Unheimliche Fragen, fade Antworten
Die seltenen gezeichneten Zwischensequenzen sind stimmungsvoll.
Die Zeit, in der ich mich wirklich auf jeden Ansatz klassischer Tower Defense gestürzt habe, liegt lange zurück. Zwar kann ich die Qualität von Fieldrunners 2 & Co wertschätzen, doch mittlerweile braucht es schon mehr, um mich ans Pad oder an Maus und Tastatur zu locken. So etwas wie Dungeon Defenders z.B. oder auch Orcs must Die!, die beide die Turmverteidigung um aktive Angriffsmechanismen ergänzen. In die gleiche Kerbe schlägt auch die von Artifice Studio entwickelte Indie-Produktion Sang-Froid: Tales of Werewolves (SF), die jüngst grünes Licht auf Steam erhalten hat. Man schlüpft wahlweise in die Rolle der Holzfäller Jack oder Joe (oder auch Jacques und Joseph), die ihre aus der Stadt Wolvesvale geflohene Schwester aufnehmen und beschützen müssen.
Hat ihre Flucht mit den unsittlichen Annäherungen des Priesters zu tun, die in einer Auseinandersetzung gipfelten, in deren Folge die Kirche halb abbrannte? Oder vielleicht doch damit, dass sie in ihren Fieberträumen etwa einen halben Meter über dem Bett schwebt und mit zurückgerollten Augen und tiefer Stimme von Dämonen fantasiert? Warum wird die Farm der Brüder samt dem Umland allnächtlich von immer stärker werdenden Wolfswesen und anderen Höllenausgeburten heimgesucht? Und wieso hat selbst der Teufel Interesse an Josephine?
Die Dialoge hingegen sind technisch und akustisch schwach.

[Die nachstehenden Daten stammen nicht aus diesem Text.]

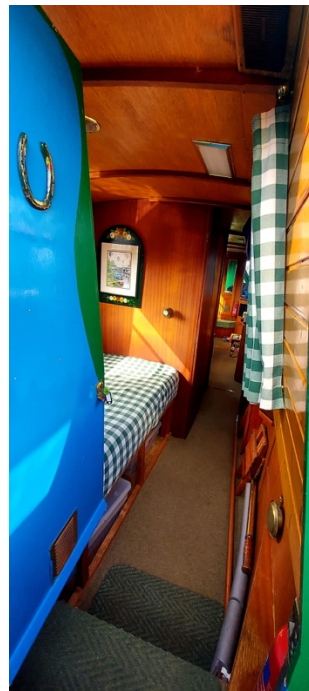
▲ Bedroom facing fore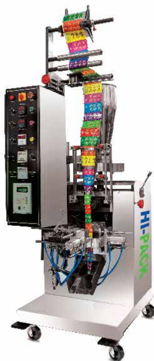
HP-095 Semi-Pneumatic Triangle Pack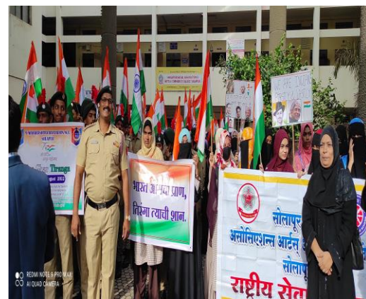
Har Ghar Tiranga Rally with Students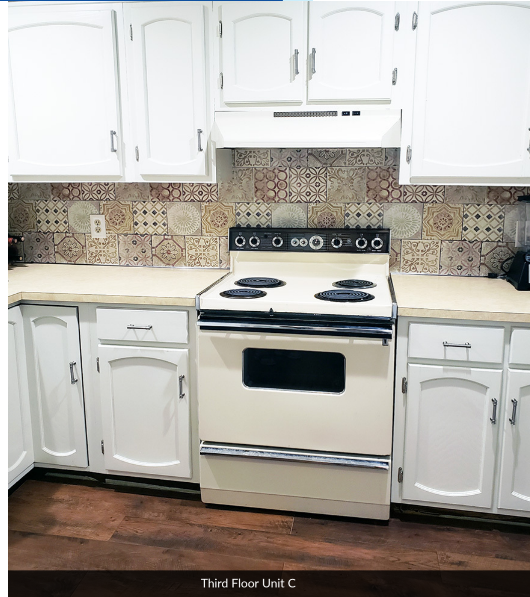
Third Floor Unit C

JOSEPH LATINA, SIOR Managing Principal O: 302.530.1233 | C: 302.414.1000 jlatina@LMTCRE.com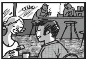
9 Katherine and Steven usually _____.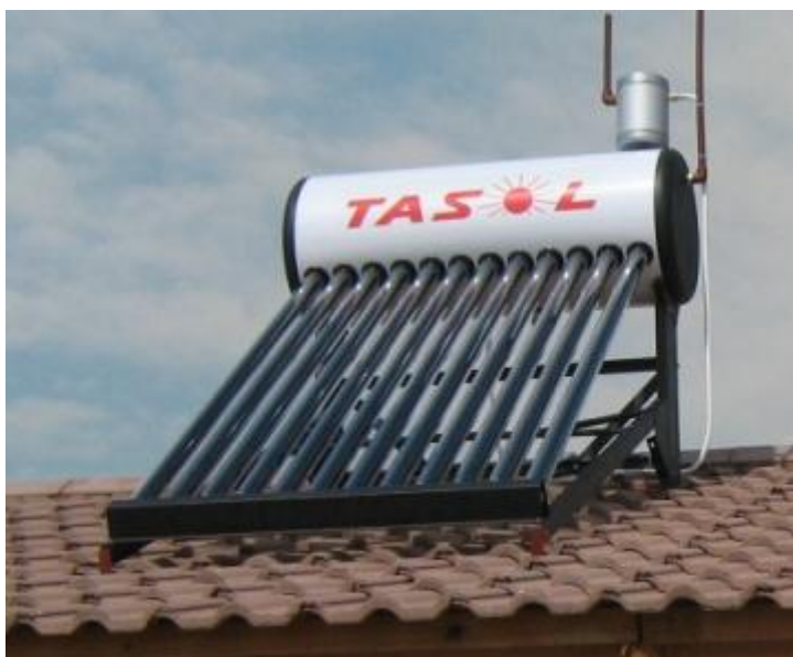
Figure 1. Low pressure vacuum tube collector SWH system

Worldwide SWH technology is well-established in terms of technological development. Standard specifications have been available since 1980, to support the wider adoption of the technology. In countries where SWH systems have been installed, they have been shown to have effective operating lifetimes in excess of ten years. There is a small local, South African, production capacity which serves the small existing market mainly in high income household. By the end of 2009 less than 5 000 SWH has been installed in South Africa under the Eskom programme 4 . This capacity can be scaled up significantly to supply a bigger market.

Die Antworten bekommt man im Laufe der 20 Missionen dauernden Kampagne. Doch so geheimnisvoll die Geschichte auch wirken mag, so schwach wird sie erzählt. Die Zwischensequenzen bleiben zwar dem Comicstil treu, der sich auch durch die Kulisse und das Figurendesign zieht. Doch wo andere Spiele mit einem ähnlich gelagerten Stil mit ihrem Minimalismus einen ganz speziellen Charme in der Erzählung entfachen, bleibt die Werwolf-Mär oberflächlich und steril. Die kurzen Sequenzen bieten jede für sich betrachtet kaum Spannung, sind technisch schwach und dazu nur selten gut vertont. Und das gilt für die englische Fassung (es gibt weder deutsche Texte noch Sprache)! Nur um die Auflösung der Geschichte zu erfahren, habe ich der starken Versuchung widerstanden, sie wegzuklicken.
Alpträume bestimmen Verteidigungstaktik
Das ist insofern bedauerlich, da die wenigen gezeichneten Vollbild-Zwischensequenzen durchaus den Wunsch nach mehr ausgelöst haben. Deutlich besser vertont und stimmungsvoller zusammengesetzt als die Schnippsel zwischen den Missionen wird der atmosphärische Grundstein für ein spannendes Abenteuer gelegt. Doch dies ist nur die eine erzählerische Ebene. Die spielerische ist deutlich besser gelungen. Jeder Tag auf dem Kalender, den man überleben muss, gliedert sich in zwei Teile: Tagsüber verschafft man sich einen Überblick, welche Monster auf welchem Wege versuchen, die wichtigen Gebäude im Umfeld der Brüder anzugreifen.
Tagsüber schaut man sich die Gegner sowie ihre Routen an und plant entsprechend seine nächtliche Verteidigung.
Mit diesem Wissen, das quasi den fabulierenden Träumen der Schwester entspricht und akkurat zutrifft, kann man versuchen, dem Schicksal Einhalt zu gebieten. Dazu platziert man z.B. Fallen in verschiedenen Kategorien, baut Verteidigungsanlagen in Form von Türmen, über deren verbindende Seiltrassen man schnell hin und her reisen kann oder versucht durch das Legen von Feuermauern die Laufwege der Gegner anzupassen. Zusätzlich kann man im Dorf seine Waffen von der Nonne segnen lassen (gegen eine kleine Gebühr für die Kollekte versteht sich), seine Munition aufstocken oder gar neue Waffen, temporäre Verstärkungen oder Heiltränke kaufen. Doch man muss nicht nur ein Auge auf die spärlich gefüllte Geldschatulle haben, die auch von der einen oder anderen Falle zusätzlich geschröpft wird. Das Auslegen der Fallen, Köder etc. verbraucht in jedem Fall Aktionspunkte, so dass man nicht wahllos auf der Karte herumplanen kann, sondern so gezielt und effektiv wie möglich vorgehen muss.